Goal of the exercise: Directions for the data below: repeat exactly the lines from the one with "Breathtaking beautiful congratulation" through the one with "The Ravenna Console", both included, and omit all pictures.

Records shown:
=====
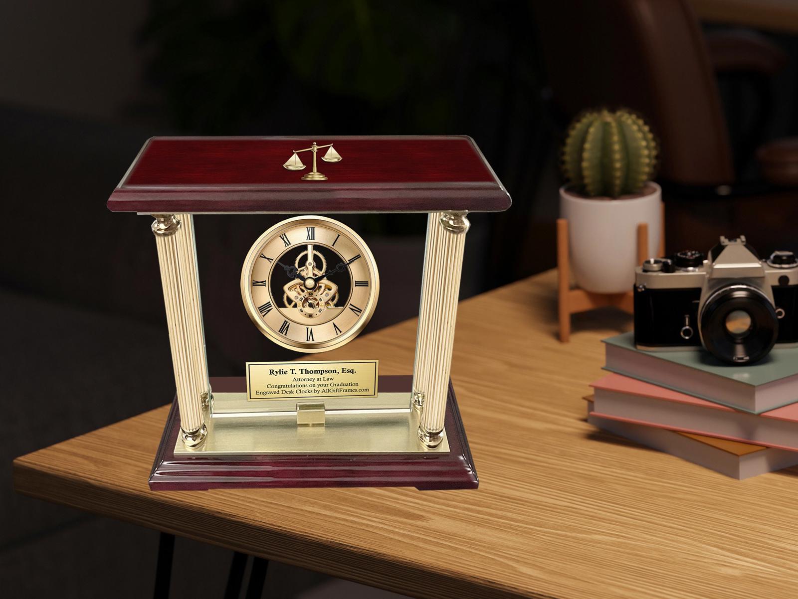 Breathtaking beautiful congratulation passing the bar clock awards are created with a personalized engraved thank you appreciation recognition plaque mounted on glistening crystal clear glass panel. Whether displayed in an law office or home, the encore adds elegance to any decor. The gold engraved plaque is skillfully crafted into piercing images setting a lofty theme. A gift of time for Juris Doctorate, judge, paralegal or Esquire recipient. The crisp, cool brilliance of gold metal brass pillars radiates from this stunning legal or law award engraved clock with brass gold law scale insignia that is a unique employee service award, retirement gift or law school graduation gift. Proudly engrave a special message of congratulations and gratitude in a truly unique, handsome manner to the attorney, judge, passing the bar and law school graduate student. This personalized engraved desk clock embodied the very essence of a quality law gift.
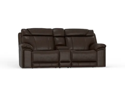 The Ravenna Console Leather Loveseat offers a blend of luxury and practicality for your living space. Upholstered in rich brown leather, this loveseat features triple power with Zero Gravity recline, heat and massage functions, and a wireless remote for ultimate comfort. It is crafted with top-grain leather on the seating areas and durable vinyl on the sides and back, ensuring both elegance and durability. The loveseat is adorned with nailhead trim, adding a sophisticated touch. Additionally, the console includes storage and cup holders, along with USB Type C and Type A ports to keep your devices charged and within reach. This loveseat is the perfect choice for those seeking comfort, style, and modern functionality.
=====
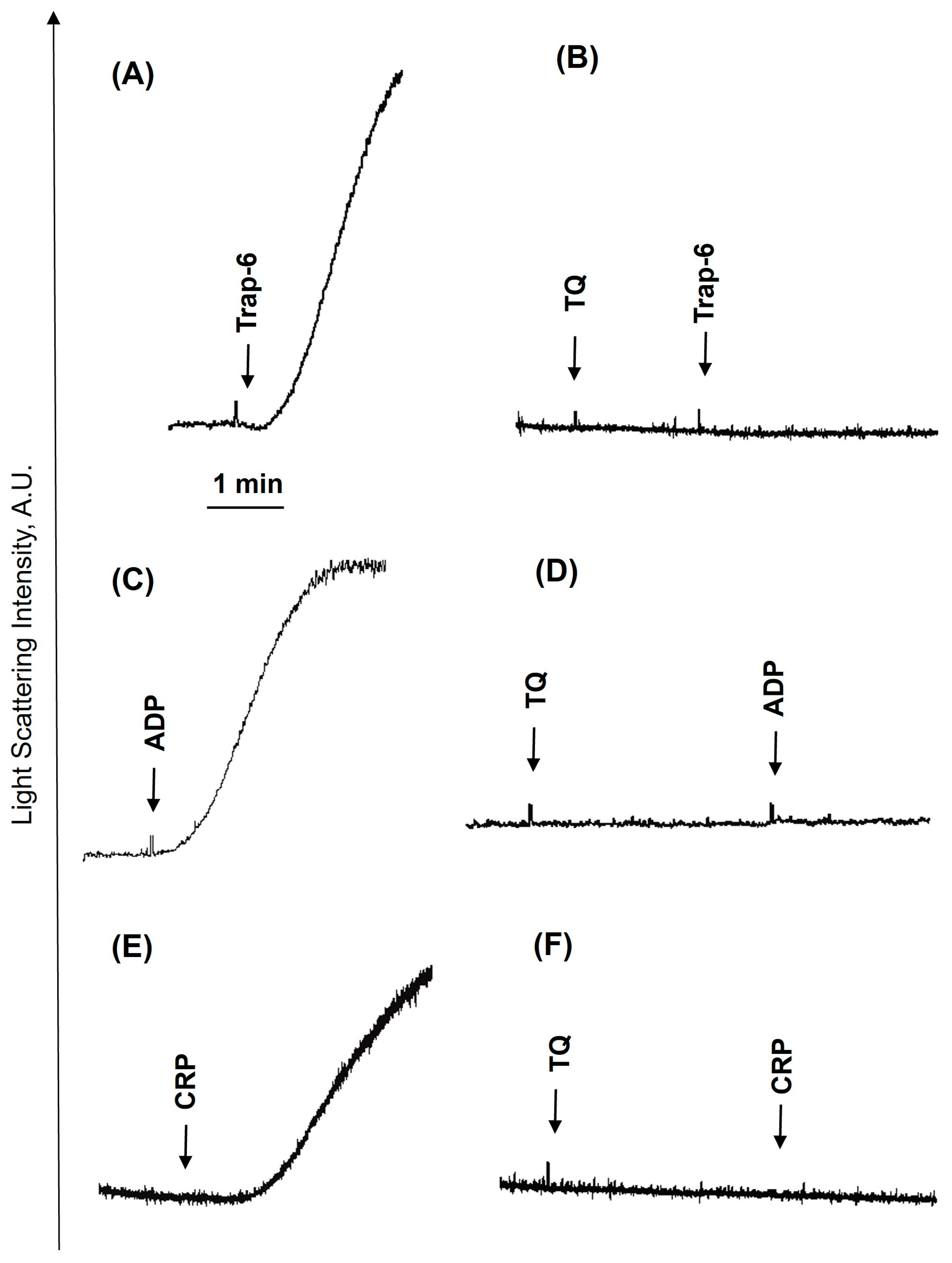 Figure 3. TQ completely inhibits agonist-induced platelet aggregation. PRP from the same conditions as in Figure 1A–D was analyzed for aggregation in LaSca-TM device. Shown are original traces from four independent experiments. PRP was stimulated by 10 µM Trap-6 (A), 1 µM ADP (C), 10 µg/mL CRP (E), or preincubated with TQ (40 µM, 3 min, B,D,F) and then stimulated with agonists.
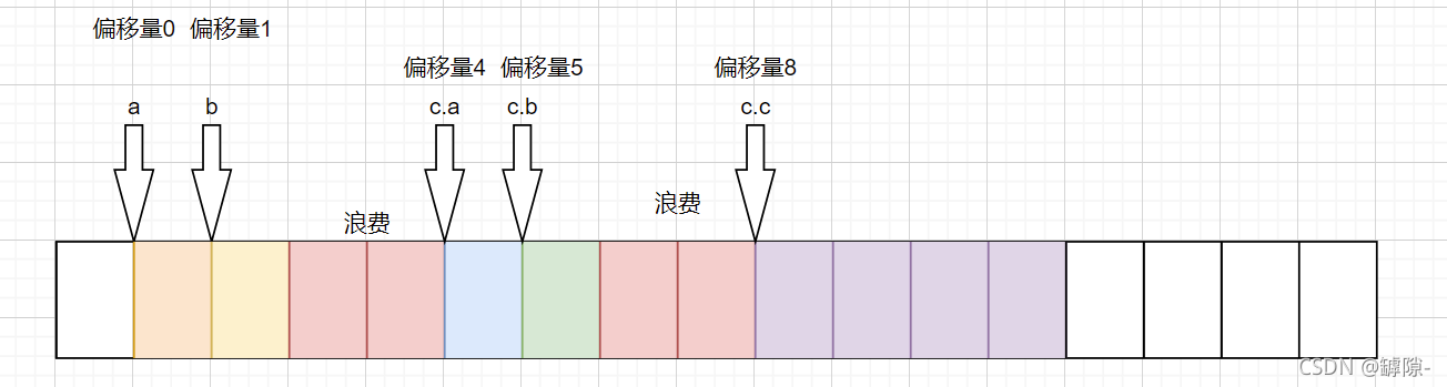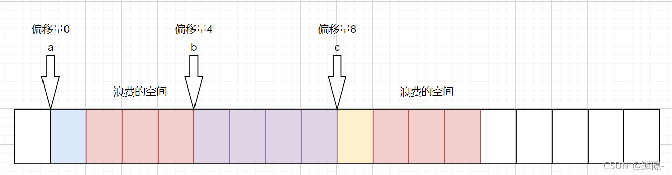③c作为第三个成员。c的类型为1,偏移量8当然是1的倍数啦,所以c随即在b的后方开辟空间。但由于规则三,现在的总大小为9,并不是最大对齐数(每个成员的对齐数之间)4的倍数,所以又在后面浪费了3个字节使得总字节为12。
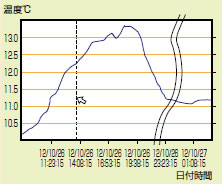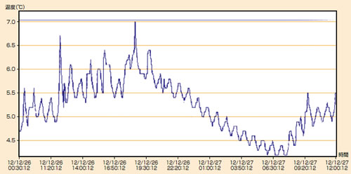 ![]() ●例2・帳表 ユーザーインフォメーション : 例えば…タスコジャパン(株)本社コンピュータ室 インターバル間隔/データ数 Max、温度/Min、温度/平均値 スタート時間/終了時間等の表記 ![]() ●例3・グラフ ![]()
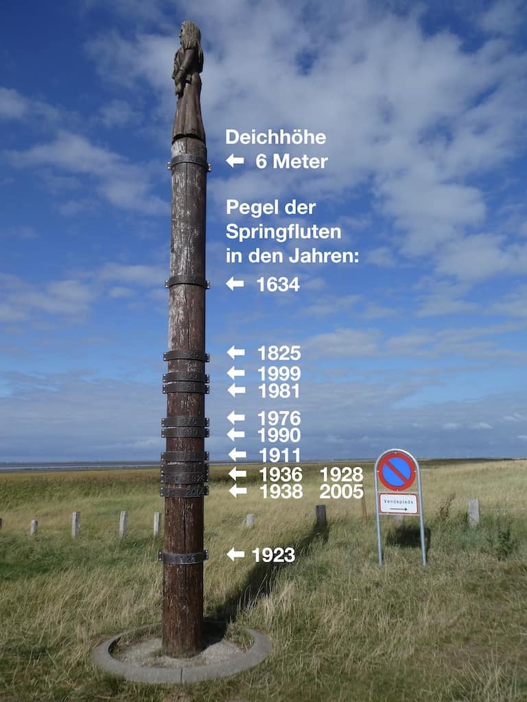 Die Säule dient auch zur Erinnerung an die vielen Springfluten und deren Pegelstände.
=====
Answer space:
 Breathtaking beautiful congratulation passing the bar clock awards are created with a personalized engraved thank you appreciation recognition plaque mounted on glistening crystal clear glass panel. Whether displayed in an law office or home, the encore adds elegance to any decor. The gold engraved plaque is skillfully crafted into piercing images setting a lofty theme. A gift of time for Juris Doctorate, judge, paralegal or Esquire recipient. The crisp, cool brilliance of gold metal brass pillars radiates from this stunning legal or law award engraved clock with brass gold law scale insignia that is a unique employee service award, retirement gift or law school graduation gift. Proudly engrave a special message of congratulations and gratitude in a truly unique, handsome manner to the attorney, judge, passing the bar and law school graduate student. This personalized engraved desk clock embodied the very essence of a quality law gift.
 The Ravenna Console Leather Loveseat offers a blend of luxury and practicality for your living space. Upholstered in rich brown leather, this loveseat features triple power with Zero Gravity recline, heat and massage functions, and a wireless remote for ultimate comfort. It is crafted with top-grain leather on the seating areas and durable vinyl on the sides and back, ensuring both elegance and durability. The loveseat is adorned with nailhead trim, adding a sophisticated touch. Additionally, the console includes storage and cup holders, along with USB Type C and Type A ports to keep your devices charged and within reach. This loveseat is the perfect choice for those seeking comfort, style, and modern functionality.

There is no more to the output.